Installation of ``piscem-infer``
--------------------------------

To install piscem-infer, use `cargo <https://github.com/rust-lang/cargo>`_:

.. code-block:: console

   $ cargo install piscem-infer


or install it from source


.. code-block:: console

   $ git clone https://github.com/COMBINE-lab/piscem-infer
   $ cd piscem-infer
   $ cargo build --release


Command line parameters for ``piscem-infer``
--------------------------------------------

Currently, ``piscem-infer`` has only a ``help`` and ``quant`` sub-command. The ``help`` sub-command is 
self-descriptive, and the usage for the ``quant`` sub-command is provided below.

.. code-block:: console

   quantify from the rad file

   Usage: piscem-infer quant [OPTIONS] --input <INPUT> --lib-type <LIB_TYPE> --output <OUTPUT>

   Options:
   -i, --input <INPUT>                              input stem (i.e. without the .rad suffix)
   -l, --lib-type <LIB_TYPE>                        the expected library type
   -o, --output <OUTPUT>                            output file prefix (multiple output files may be created, the main will have a `.quant` suffix)
   -m, --max-iter <MAX_ITER>                        max iterations to run the EM [default: 1500]
         --convergence-thresh <CONVERGENCE_THRESH>    convergence threshold for EM [default: 0.001]
         --presence-thresh <PRESENCE_THRESH>          presence threshold for EM [default: 0.00000001]
         --param-est-frags <PARAM_EST_FRAGS>          number of (unique) mappings to use to perform initial coarse-grained estimation of the fragment length distribution.
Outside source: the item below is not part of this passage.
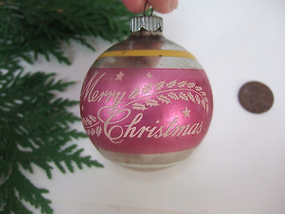 Vintage Pink Mercury Glass Shiny Brite Stencil Stripe Merry Christmas Ornament

These fragments will have to be read from
                                                      the file and interrogated twice [default: 500000]
         --factorized-eqc-bins <FACTORIZED_EQC_BINS>  number of probability bins to use in RangeFactorized equivalence classes. If this value is set to 1, then basic equivalence classes are used [default: 64]
         --fld-mean <FLD_MEAN>                        mean of fragment length distribution mean (required, and used, only in the case of unpaired fragments)
         --fld-sd <FLD_SD>                            mean of fragment length distribution standard deviation (required, and used, only in the case of unpaired fragments)
         --num-bootstraps <NUM_BOOTSTRAPS>            number of bootstrap replicates to perform [default: 0]
         --num-threads <NUM_THREADS>                  number of threads to use (used during the EM and for bootstrapping) [default: 16]
   -h, --help                                       Print help
   -V, --version                                    Print version


Most of the parameters are self-explanatory.  The ``--input`` option should point to the stem of the input ``RAD`` file, the ``output`` should point to the output stem.  This can contain directories (which
will be created if they do not yet exist, and several files with this prefix stem, but different suffixes, will be created). 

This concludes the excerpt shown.